Büyük atölyeyi yolsuzluk ve kaostan korumanın zorlukları da çok büyük. Şu ana kadar görülen isyanlar ve “çete savaşları”, devlet değişirken, perişan bir ekonomik ve sosyal durum ile umutsuz bir siyasi durumda ordu, devlet aygıtları ve silahlı milisler dağıtılırken dikkate alınması gereken bir olgudur.

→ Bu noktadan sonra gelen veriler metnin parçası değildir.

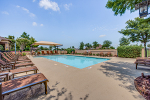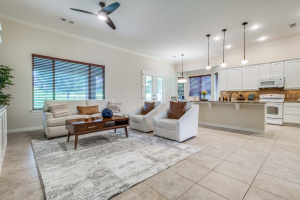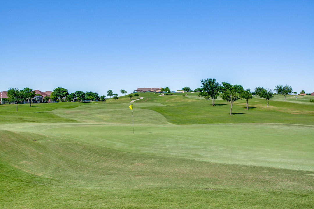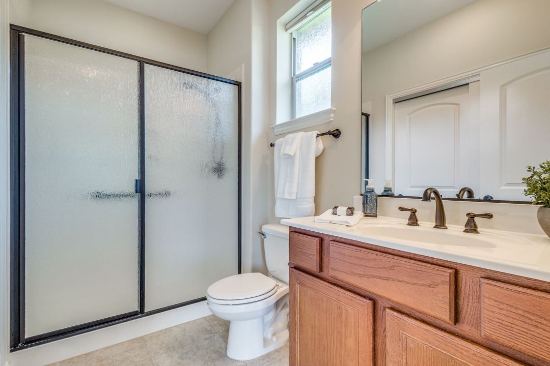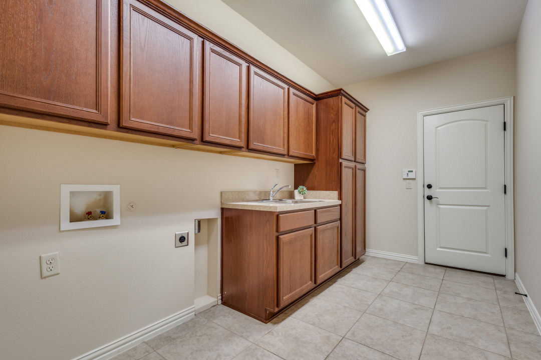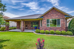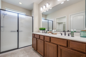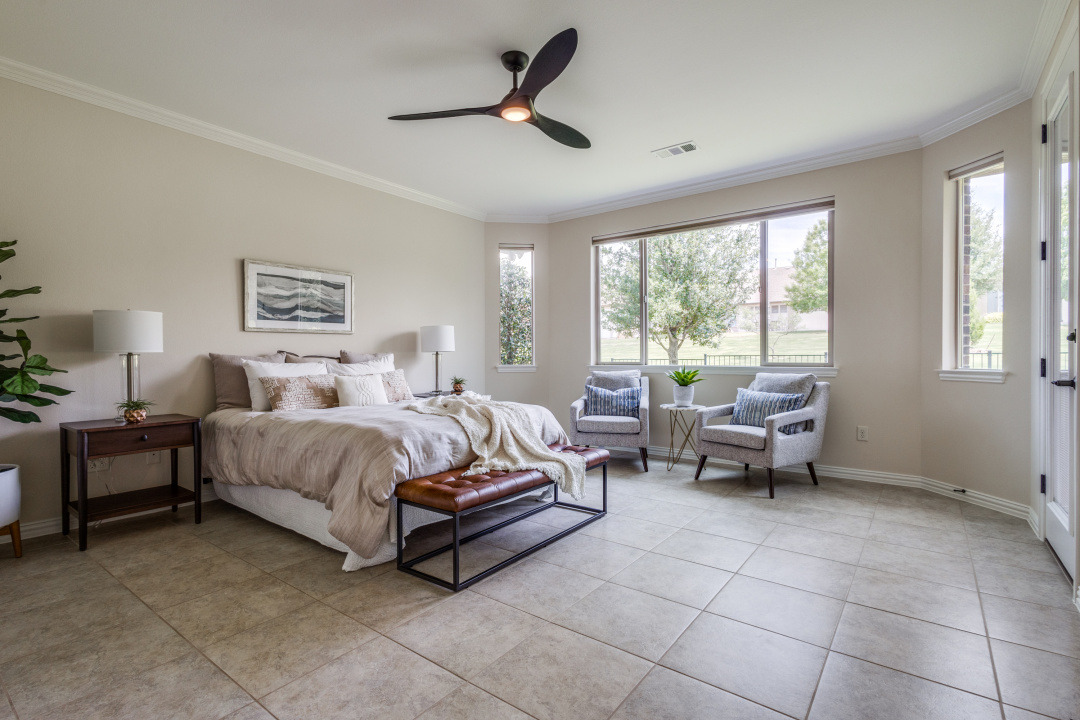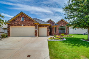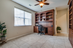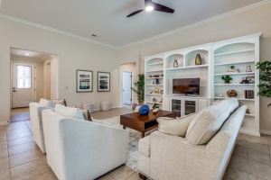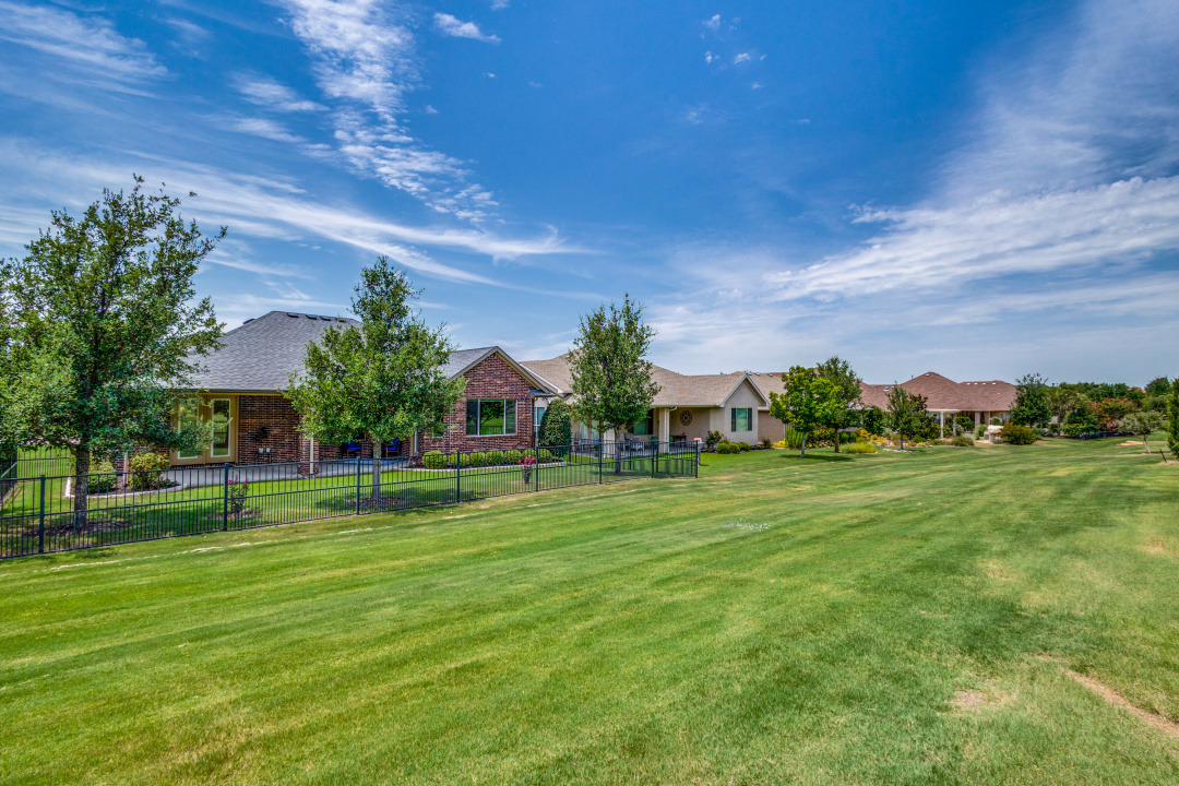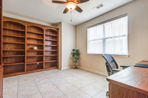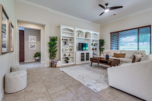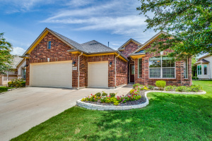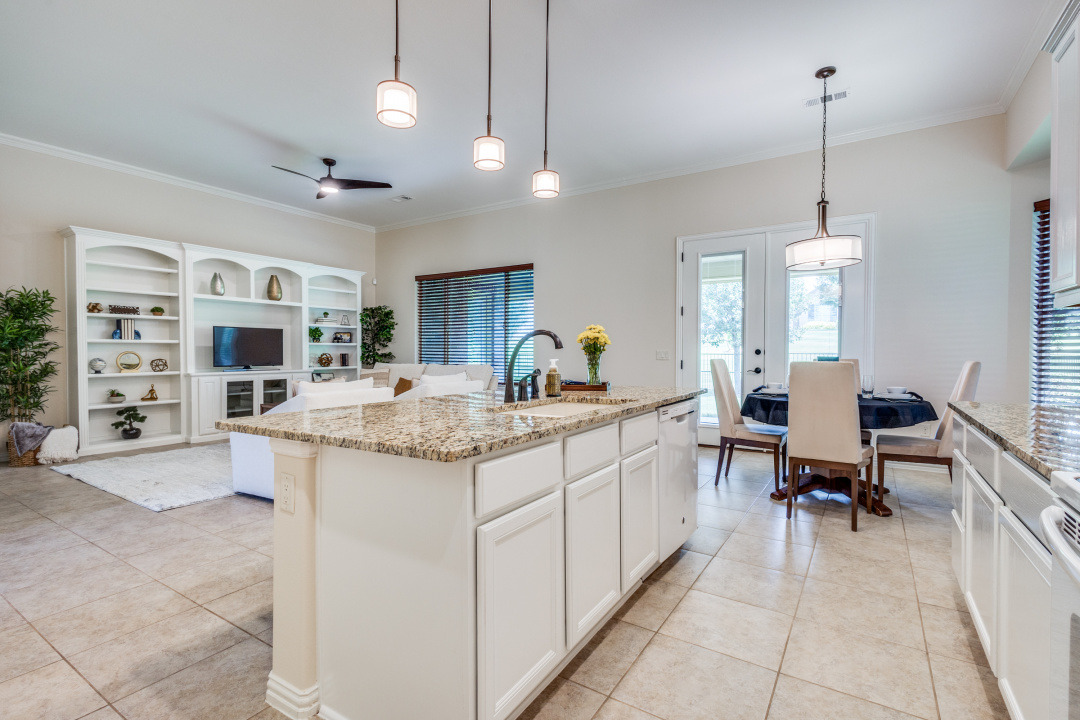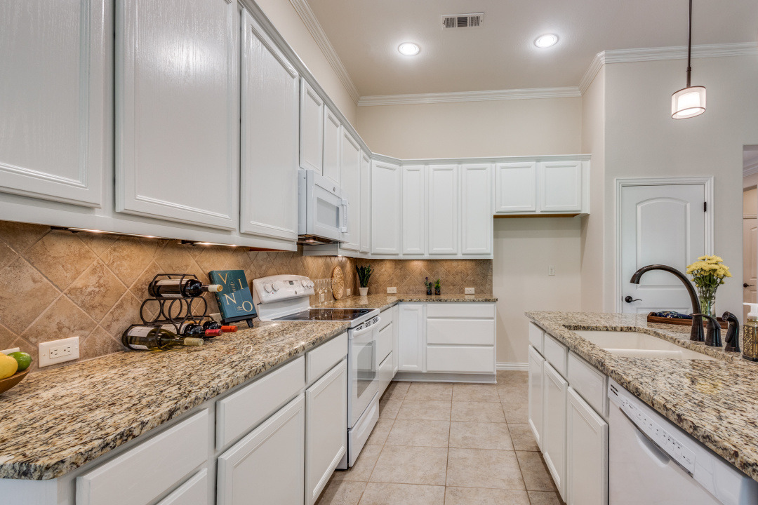 Gorgeous and Pristine describes this all brick exterior BRISCOE floorplan. Entire interior freshly painted along with the kitchen cabinets. Stylish designer light fixtures added. The recent updates make this home feel like a new home! Open floorplan shows off a comfortable living room area, gorgeous built-ins and views to the lovely backyard and greenbelt. Kitchen is bright and open with granite, a large island, under counter lighting and large walk in pantry. This model features a large Primary bedroom with ensuite and huge custom walk in closet. Second room has ensuite and the Office with classic built-in cabinets could easily be another bedroom if desired. Enjoy the large Laundry room with extra cabinets for storage, countertop and sink! Beautifully landscaped with covered back patio, gas stubbed for grill, fenced yard with puppy bars. 2 car garage plus golf cart storage. Resort style living includes pools, gym, golf, tennis, restaurant and more. Tons of community activities!

Suriye rejiminin devrilmesiyle bölgede kaybeden güçler kaybettiklerini veya bir kısmını geri almak için her türlü girişimden geri durmayacaktır ve ortam DEAŞ gibi çeteler için de uygundur.

Suriye'de en güçlü olan, örgütlerden güç alan değil, tüm Suriyeli kesimleri yeniden imar ve yönetim atölyesinde toplayabilen bilgedir.

Bununla ilgili dersi, siyaset bilimi profesörü Sheri Berman “Avrupa'da Demokrasi ve Diktatörlük: Eski Rejimden Günümüze” kitabında şöyle sunuyor: “Liberal demokrasinin arkasında sadece büyük erkek ve kadınlar yoktur, o aynı zamanda derin ekonomik ve toplumsal dönüşümlerin de sonucudur. Başarılı olması için ulusal birliğe ve güçlü bir devlete ihtiyacı vardır.”

*Bu makale Şarku’l Avsat tarafından Independent Arabia’dan çevrilmiştir.